Şube başkanı Op.Dr.Levent Başyiğit Panelistlere ve katılımcılara Hoş geldiniz diyerek Türkocaklarının Türk'lük anlayışının Ziya Gökalp'de olduğu gibi Türklüğü bir ırka bağlı olarak değil, bir kültür ve medeniyete mensubiyet olarak tarif ettiklerini, Hattâ Oğuz Kaan’dan itibaren Cihanşûmul bir ülkünün takipçisi olan Türkleri   bir ırktan daha fazla  değerler manzumesi olarak gördüklerini, Kaşgarlı Mahmud’da  olduğu gibi Türkçe konuşan ve Türk kültür dairesine dahil olanı daima Türk addedtiklerini"belirtti.

Geçen ay Çırağan Sarayında düzenlenen bir törende Türk Tarih Kurumu Onursal üyelik cüpbesi giyen Panel Başkanı Prof.Dr.Bayram Kodaman Türk'ün Tarihini kronolojik olarak anlattı.Panelist, Türkocağımız kurucu başkanı  Prof.Dr.Metin Özkul da Etnisite, Irk, Millet kavramlarını sosyolojik olarak tarif ettiği konuşma yaptı.Daha sonra Panelist Genetik Doçenti Osman Çataloluk bir saat süren konuşmasında şöyle dedi:

"Prof. Dr. Yasin Aktay’ın geçen haftalarda, Bayburt Üniversitesi’ndeki konuşması sırasında kullandığı “Türk ırkı yoktur” sözü ciddî tartışmalara sebep oldu. Bilâhare, yanlış anlaşıldığı şeklindeki açıklamaları da tartışmaların nihayet bulmasını sağlamadı.  Aslında, daha Ziya Gökalp’ten itibaren milliyetçilerin milleti “ırk” üzerinden tarif etmedikleri bilinen bir gerçekti.Türkler için, Türk soyundan gelmek kadar, Türklüğe hizmet etmek de Türk olmak için yeter. Bu yüzden Gökalp, “Türklüğü sadece soya indirgersek, o zaman Türklüğe hizmet etmiş olan bir çok şahsiyeti Türklük dairesinin dışına atmış oluruz” demektedir.
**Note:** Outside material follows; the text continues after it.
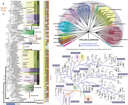 纤毛虫的分子系统学 主要涉及利用标记性基因测序、二级结构分析、系统树构建、基因组系统学分析等手段,对各类纤毛虫原生动物的系统发生与演化、阶元间的关系以及在系统发育树中的地位探讨。此外,该方向的工作还包括对海洋类群的DNA种库的完善构建。本领域的研究将为纤毛虫系统发育、进化以及基因组学等学科研究提供基础信息。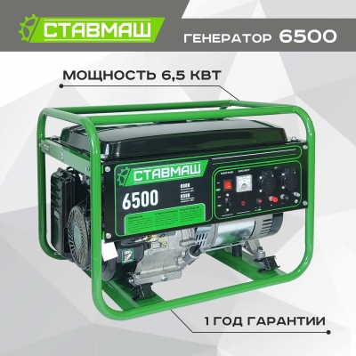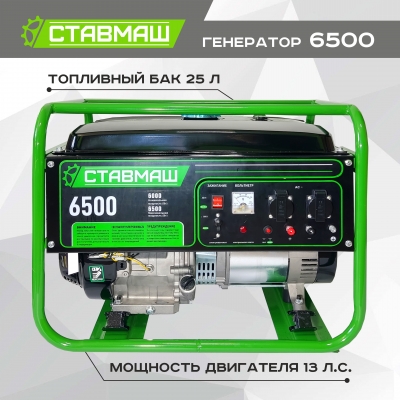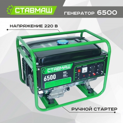 Ставмаш 6500 - бензиновый генератор синхронного типа, с четырехтактным двигателем и суммарной мощностью подключаемых потребителей 6500 Вт.

Genetik bilimi sayın Altay'ın iddialarını çürüttüğü gibi, bugün Dünya'da Devlet olarak varlığını sürdüren bir çok Milletin genetik verilerinin (R1a) Türklerle büyük oranda uyuştuğunu göstermekte.Türklerin Tarihinin MS 740 lı yıllardan, Orhun abidelerinden değil çok daha öncesi 10.000 yıllık geçmişinin olduğunu ve kemik kromozom incelemelerinden, genetik verilerden  bugün Dünya'da ki Türk Irkının genetik nüfusunun 300 bin değil, 800 bin olduğunu görüyoruz"dedi. Günün misafirinin konuşması yaklaşık bir saat sürdü ve büyük bir dikkatle izlendi.

Daha sonra sorular üzerine Panelistler  şu görüşleri dile getirdiler:

Tarihin ilk dönemlerinden itibaren var olan Türk’ün daima Cihanşûmul devletler kurması, geniş coğrafyalara hâkim olması, bir çok kültür ve medeniyetle tanışması ve çok değişik soylarla beraber yaşaması sebebiyle, bir çok kavimden farklı olarak “bir etnisite”yi aşarak “Millet” olduğu gerçeğini ifade eder.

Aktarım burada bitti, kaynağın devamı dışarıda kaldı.